Data collection: X-AREA (Stoe & Cie, 2002[Stoe & Cie (2002). X-AREA and X-RED32. Stoe & Cie, Darmstadt, Germany.]); cell refinement: X-AREA; data reduction: X-RED32 (Stoe & Cie, 2002[Stoe & Cie (2002). X-AREA and X-RED32. Stoe & Cie, Darmstadt, Germany.]); program(s) used to solve structure: SHELXS97 (Sheldrick, 2008[Sheldrick, G. M. (2008). Acta Cryst. A64, 112-122.]); program(s) used to refine structure: SHELXL97 (Sheldrick, 2008[Sheldrick, G. M. (2008). Acta Cryst. A64, 112-122.]); molecular graphics: ORTEP-3 for Windows (Farrugia, 1997[Farrugia, L. J. (1997). J. Appl. Cryst. 30, 565.]); software used to prepare material for publication: WinGX (Farrugia, 1999[Farrugia, L. J. (1999). J. Appl. Cryst. 32, 837-838.]).

Supporting information

Crystal structure: contains datablocks I, global. DOI: https://doi.org/10.1107/S1600536810045939/si2307sup1.cif

Structure factors: contains datablock I. DOI: https://doi.org/10.1107/S1600536810045939/si2307Isup2.hkl

checkCIF report


Comment top

Schiff bases are used as substrates in the preparation of number of industrial and biologically active compounds via ring closure, cycloaddition and replacement reactions.Some Schiff base derivatives are also known to have biological activities such as antimicrobial (El-Masry et al., 2000; Pandey et al., 1999); antifungal (Singh & Dash 1988; Varma et al., 1986); antitumor (Hodnett & Dunn 1970; Misra et al., 1981; Agarwal et al., 1983) and as herbicides (Samadhiya & Halve, 2001).

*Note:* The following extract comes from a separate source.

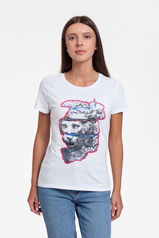 Петербург многослоен: исторически, географически, архитектурно. Здесь гармонично переплелось множество миров и времен, и знаменитые скульптуры львов словно таят в себе тайны далекого прошлого и, как стражники, наблюдают за настоящим.«Смотри вглубь», ведь все вокруг удивительно многомерно.Кроеная футболка приталенного силуэта с круглым воротом.

In additin, Schiff bases have been used widely as ligands in the field of coordinatin chemistry (Calligaris et al., 1972). There are two caracteri properties of Schiff bases, viz. photochromism and thermochromism (Cohen et al., 1964; Moustakali-Mavridis et al., 1978). These properties result from proton transfer from the O atom to the imin N atom (Hadjoudis et al., 1987; Xu et al., 1994).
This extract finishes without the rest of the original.